### [EXERCISE DESCRIPTION]
Pictures in the entries below are excluded; copy only the lines from the one containing "Yagon - Bago" to the one containing "En resumen, la", both included.

Items from a dataset
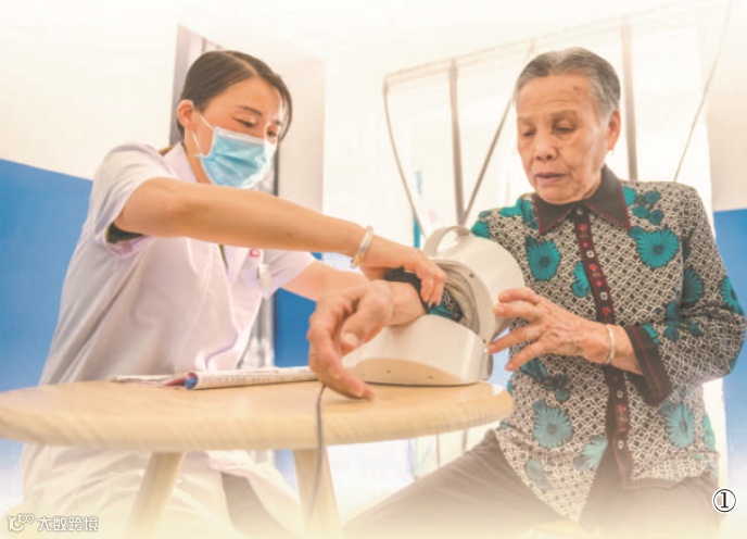 ▲江西新余市渝水区平川村晓康诊所医生为颐养之家老人做健康体检。陈东摄
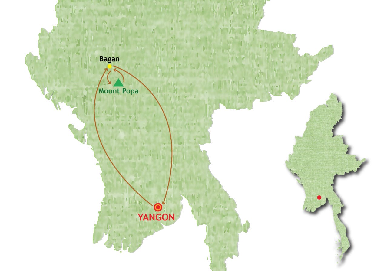 Yagon - Bago -Yangon - Bagan - Mount Popa - Bagan -Yangon - Departure
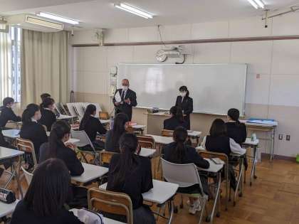 本日2年生は、5・6限目を使って「高校の先生方による体験講座」として、様々な高等学校の先生をお招きして体験授業を行っています。4月には、進路選択をする中学校最後の1年をむかえることになります。この時期から進路選択に向けた取り組みをすることで、来年度への準備にもなります。
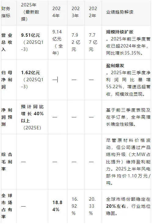 根据公司招股书及上市后披露的最新数据,锡华科技在上市前及上市当年(2025年)展现了强劲的成长性,尤其是在风电行业高景气度背景下,盈利能力显著提升。
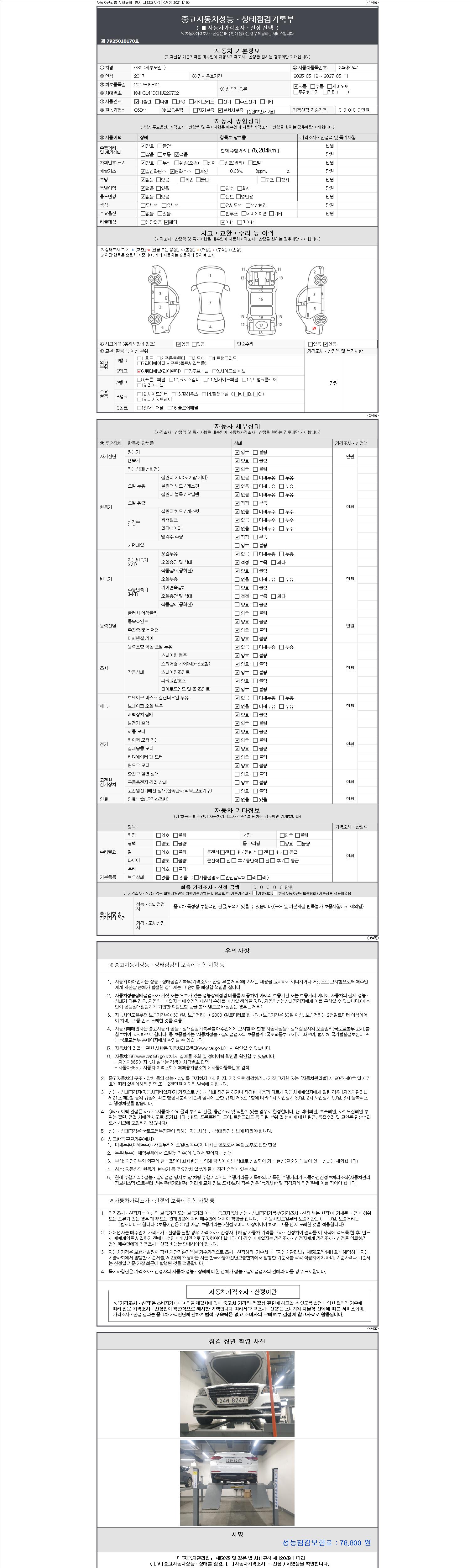 2. 차량 등록증이나 성능점검지 등을 상담자에게 요청및 확인하시고 사전에 미리 점검 하시기를 권유드립니다.
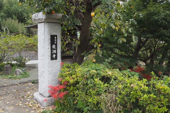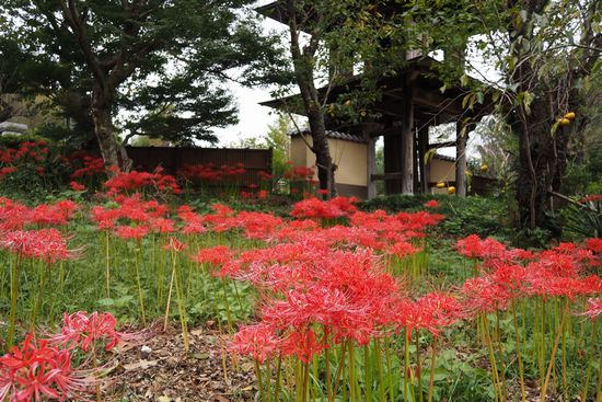 龍腹寺の先から仄暗い森のなかを下って、下の広い平野に降り立ち、龍湖寺に着きました。山門脇に彼岸花
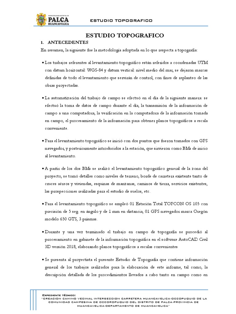 En resumen, la siguiente fue la metodología adoptada en lo que respecta a topografía:
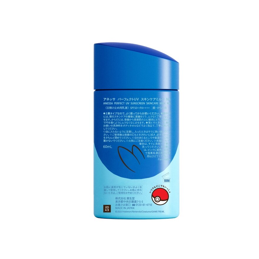 Anessa Perfect UV Sunscreen Skincare Milk NA SPF50+ PA++++ Ultimate Skincare UV Milk, improves the appearance of dark spots with seamless Outstanding UV Protection. Effectively protects areas prone to dark spots such as around the eyes and cheeks. With Double Protective Veil Technology Auto Repair Technology The surface of the protective veil is automatically smoothed out to prevent unevenness Auto Booster Technology The UV protection veil automatically becomes even stronger with sweat, water, heat, and air moisture Prevents dry skin caused by UV exposure while also improving skin’s moisture Lasting moisturizing effect 8 hours Beautifying effects for clear, glowing skin Protects skin from micro particles in the air micro dust Can be used as makeup primer Very water resistant / Rub resistant — Ocean friendly จากผลการทดสอบทางคลินิก ในกลุ่มตัวอย่าง 27 คน โดย Guangzhou Landproof Testing Co.,Ltd. สาธารณรัฐประชาชนจีน ในเดือนธันวาคม 2565
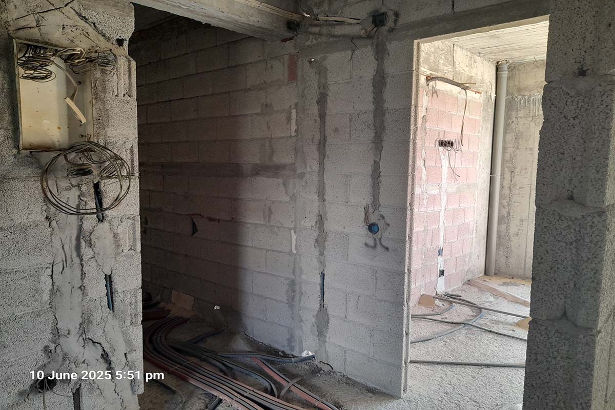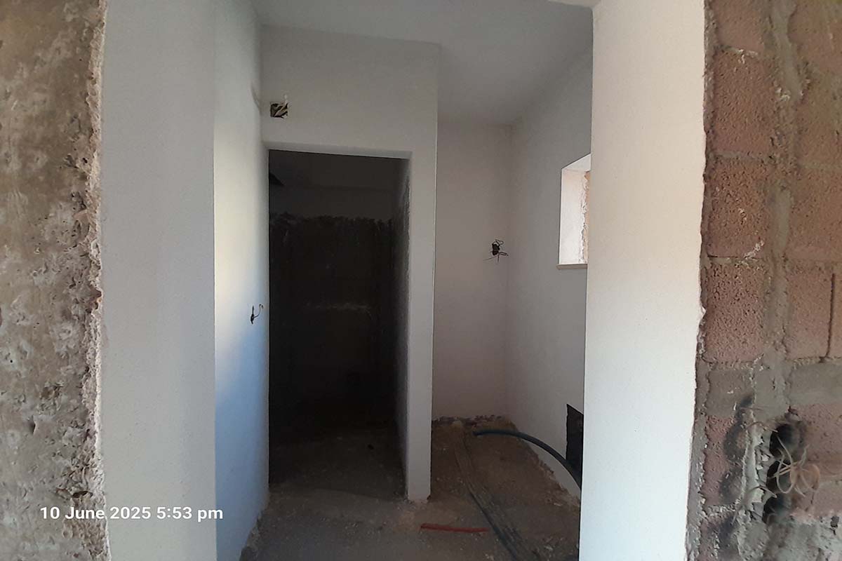 Στον 1ο όροφο βρίσκεται ένα οροφοδιαμέρισμα 135,27μ2 με μεγάλα μπαλκόνια στο στάδιο της τοιχοποιίας επιπλέον έχουν γίνει οι υδραυλικές και οι ηλεκτρολογικές σωληνώσεις. Έχουν διαμορφωθεί τρία υπνοδωμάτια και τρία μπάνια.
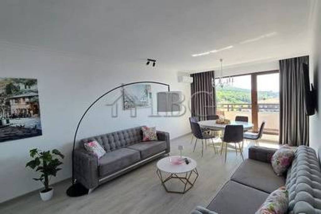 We are pleased to offer a beautiful, ready-to-move-in two-bedroom apartment of 101 sq.m in the luxury Etara 4 complex in Sveti Vlas. Located on the 5th floor, the apartment offers stunning views of the blue sea, green mountains, and the charming orange-red tiled roofs of the surrounding buildings.
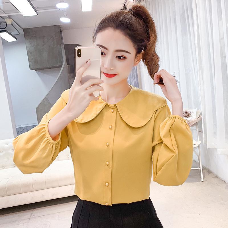 花びらのようにラウンドカットされた襟元がとってもキュートなブラウスです♪
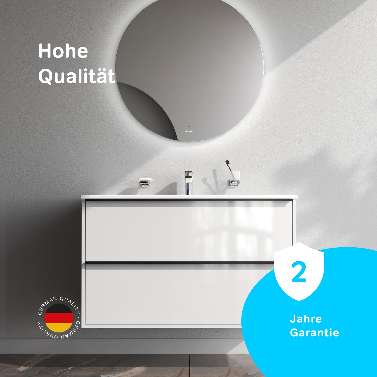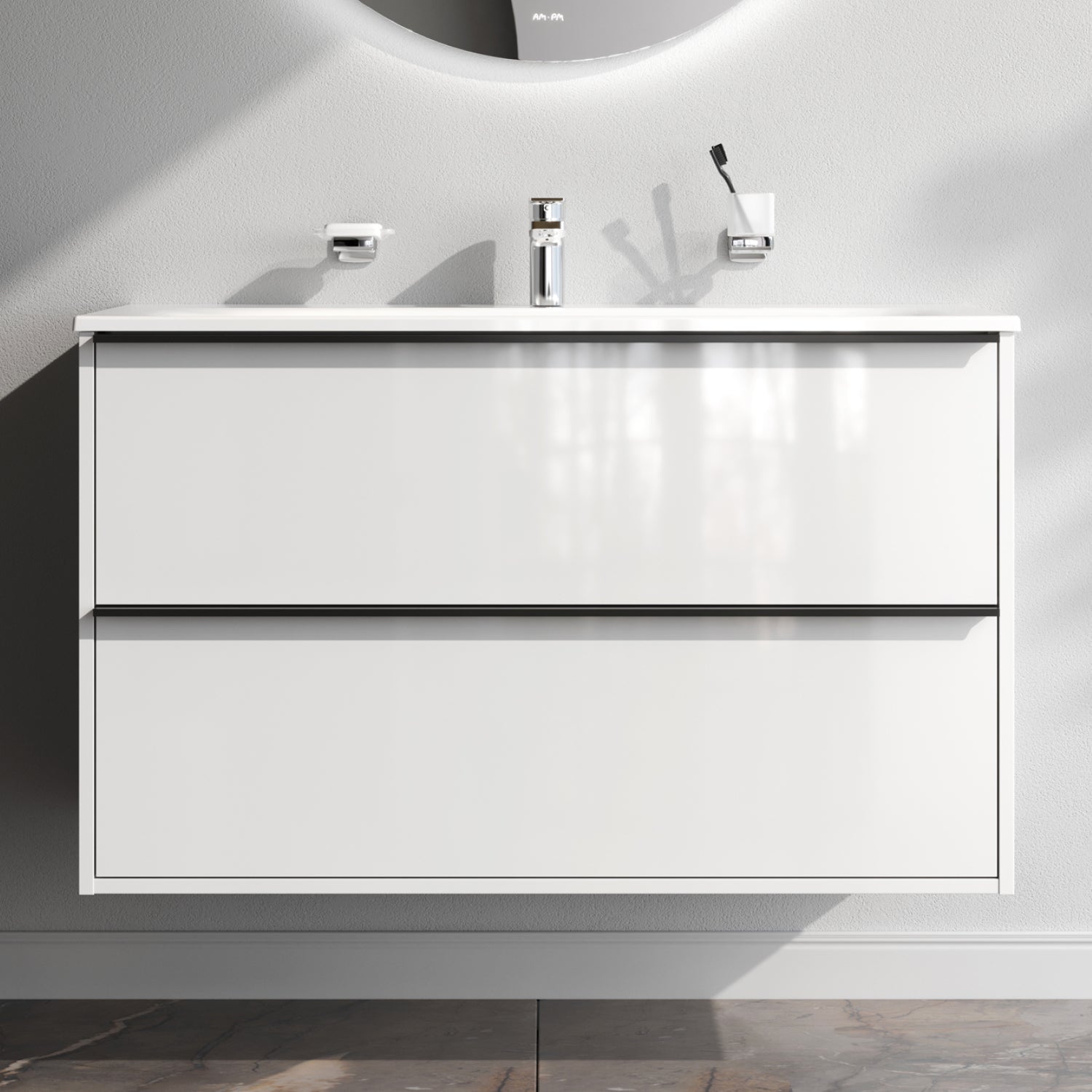 MNA-FHX1002WGSP-WCC1002WG Meuble sous-vasque avec vasque, livré en kit, 100 cm, 2 tiroirs, blanc brillant
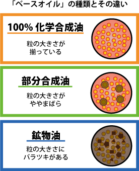 鉱物油を化学分解してエンジン洗浄と環境を考えた添加剤を化学合成させた良質なオイル。成分や分子量を一定にしたもので、コストは高いが安定した高性能を発揮する。
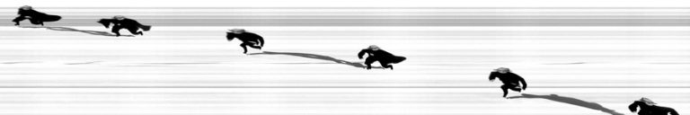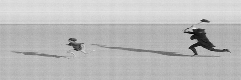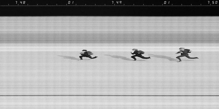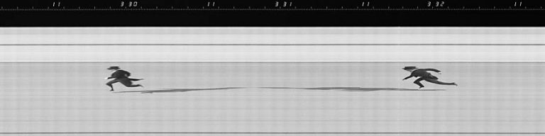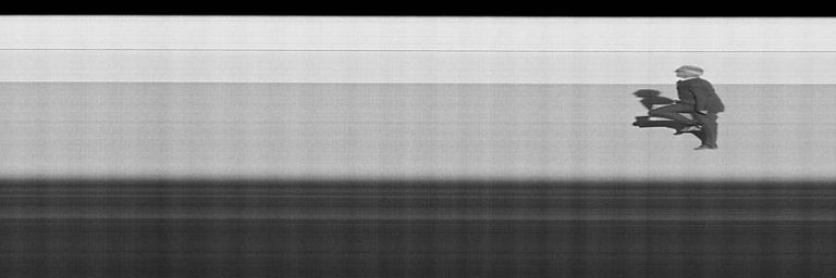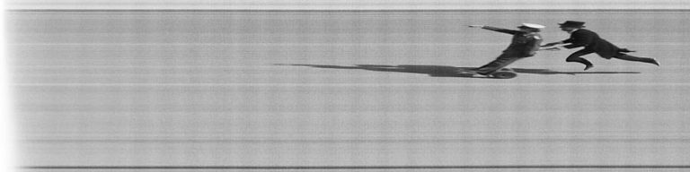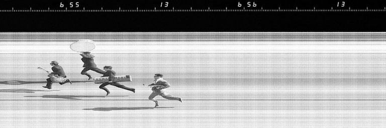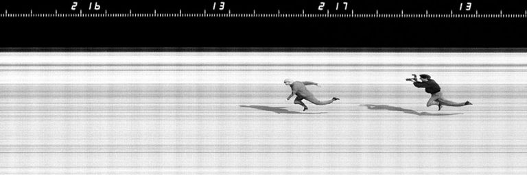 Die Auseinandersetzung der Künstler mit dem menschlichen Leben als Aneinanderreihung von Wettrennen begann vor mehr als drei Jahrzehnten mit der Arbeit am Zyklus THE HUMAN RACE. Die komprimierten „statischen Kurzfilme“ – von KOSCHIES mit einer modifizierten, über sechzig Jahre alten Schlitzkamera in die Zeiträume hinein inszeniert – offenbaren sich in grobkörnigem Schwarz-Weiß auf großformatigen Leinwandbahnen. Sie thematisieren den Wettlauf mit der Zeit als individuelle, gesellschaftliche und vor allem künstlerische Herausforderung.

### [RESPONSE FOR THIS EXERCISE]
 Yagon - Bago -Yangon - Bagan - Mount Popa - Bagan -Yangon - Departure
 本日2年生は、5・6限目を使って「高校の先生方による体験講座」として、様々な高等学校の先生をお招きして体験授業を行っています。4月には、進路選択をする中学校最後の1年をむかえることになります。この時期から進路選択に向けた取り組みをすることで、来年度への準備にもなります。
 根据公司招股书及上市后披露的最新数据,锡华科技在上市前及上市当年(2025年)展现了强劲的成长性,尤其是在风电行业高景气度背景下,盈利能力显著提升。
 2. 차량 등록증이나 성능점검지 등을 상담자에게 요청및 확인하시고 사전에 미리 점검 하시기를 권유드립니다.
 龍腹寺の先から仄暗い森のなかを下って、下の広い平野に降り立ち、龍湖寺に着きました。山門脇に彼岸花
 En resumen, la siguiente fue la metodología adoptada en lo que respecta a topografía:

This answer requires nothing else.